O’Neill lifted his glass. A little of the pint dripped onto the cuff of his jacket.
“Goddammit,” O’Neill said. He put the glass down and took out a handkerchief and carefully wiped the cuff. The jacket was gray tweed which once was good.
He put the handkerchief away and picked up the glass. He stared at Dermot over the glass. Dermot knew the style by heart. He held out his glass for another pint.
“How long’d they have you for?” Dermot asked.
“Seven years. The Crumlin Road jail. Four the first time, three more in 1960.”
“Rough.”
“It’s a cold place, that.”
He stepped back from the bar. “I’m best gone from here now.”
“Take care,” Dermot said.
O’Neill stared, the eyes not blinking, and he nodded and walked out. Dermot had seen a kid named Ryan in court one day who could have been the guy’s younger brother. The kid Ryan had held up a doctor in his house on 110th Street in Forest Hills. In the middle of the holdup the dry-cleaning man came to the door. This kid Ryan answered the door, paid the dry-cleaning man four dollars, and shut the door as if nothing were going on. If the dry-cleaning man had said one word out of line he would have had his head blown off. When Irish eyes are smiling.

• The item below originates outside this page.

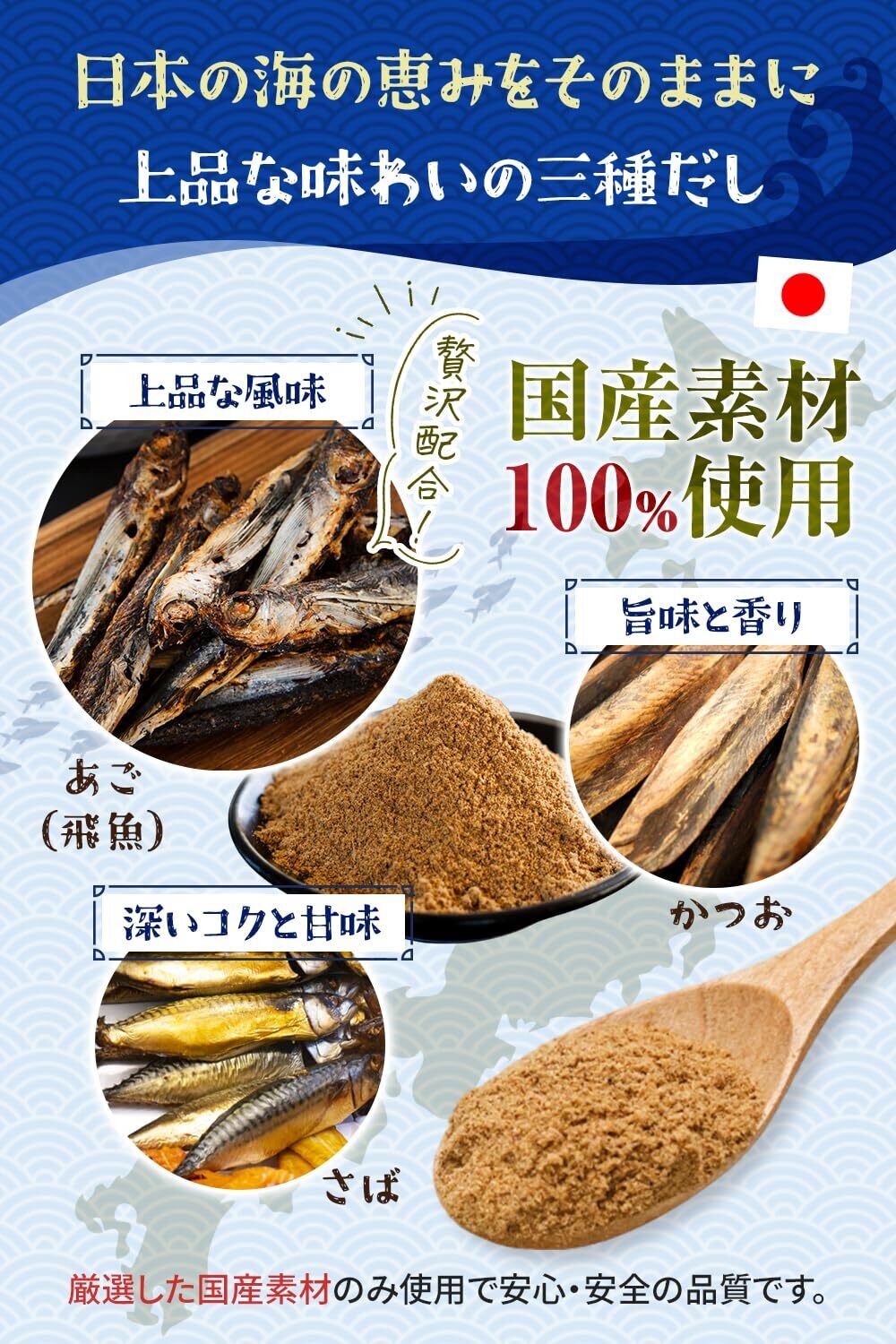 【国産天然素材】あご(上品な旨味)、かつお(旨味と香り) さば(深いコクと甘味)の三種だしです。
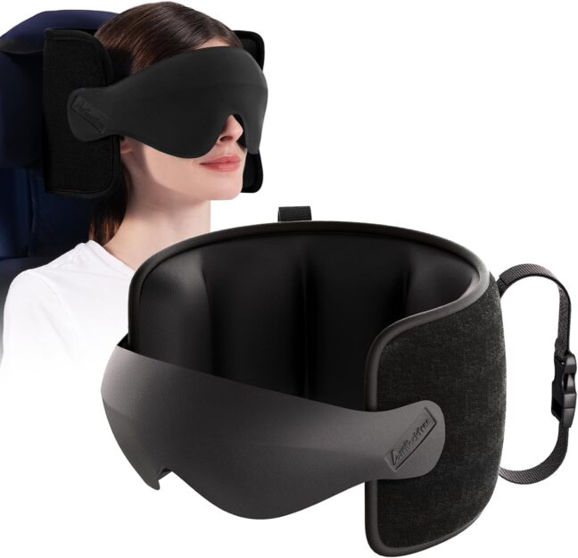 The Air Neck Free Travel Pillow has near-perfect reviews thanks to its mask function. This pillow comes with a seat strap and a 3D eye mask to help keep your head in a comfortable resting position. The mask completely blocks lights from all angles and lets you drift off during a long trip.

Somebody should do a song about Irish with cuckoo eyes. Dagger eyes.
When the old man left, Dermot asked who he was. “That man is the Assistant Chief of Brigade Staff, Second Battalion, Provisional Brigade, IRA,” the barman said.
“What does he do with a job like that?” Dermot asked.
“He does what the job requires,” the barman said.
“He arranges funerals for fuckin’ policemen,” the man in the plaid cap said.
Dermot got up and walked to the door and looked out the window. In the doorway directly across the street from the saloon entrance, a guy of about twenty leaned in a doorway with his hands in the back pockets of his dungarees. A cigarette came straight out of his mouth. He looked up the street at the Falls Road. On the sidewalk in front of the doorway next to the saloon, two women stood and talked. The heaviness made their cloth coats, very old coats, stretched and shiny across their rears.
A little boy was in the middle of the street. He had long hair that was in knots as much as it was curly. He wore an imitation-leather zipper jacket. Short pants ended at the tops of his thighs. Black rubber boots flopped against his legs. His legs were thin and dirt-streaked. He ran up to a rock and kicked it, the right leg coming across the left in a soccer kick. A dog with a rib cage showing through a black coat trotted after the rock, picked it up, and stood in the street trying to chew the wet rock.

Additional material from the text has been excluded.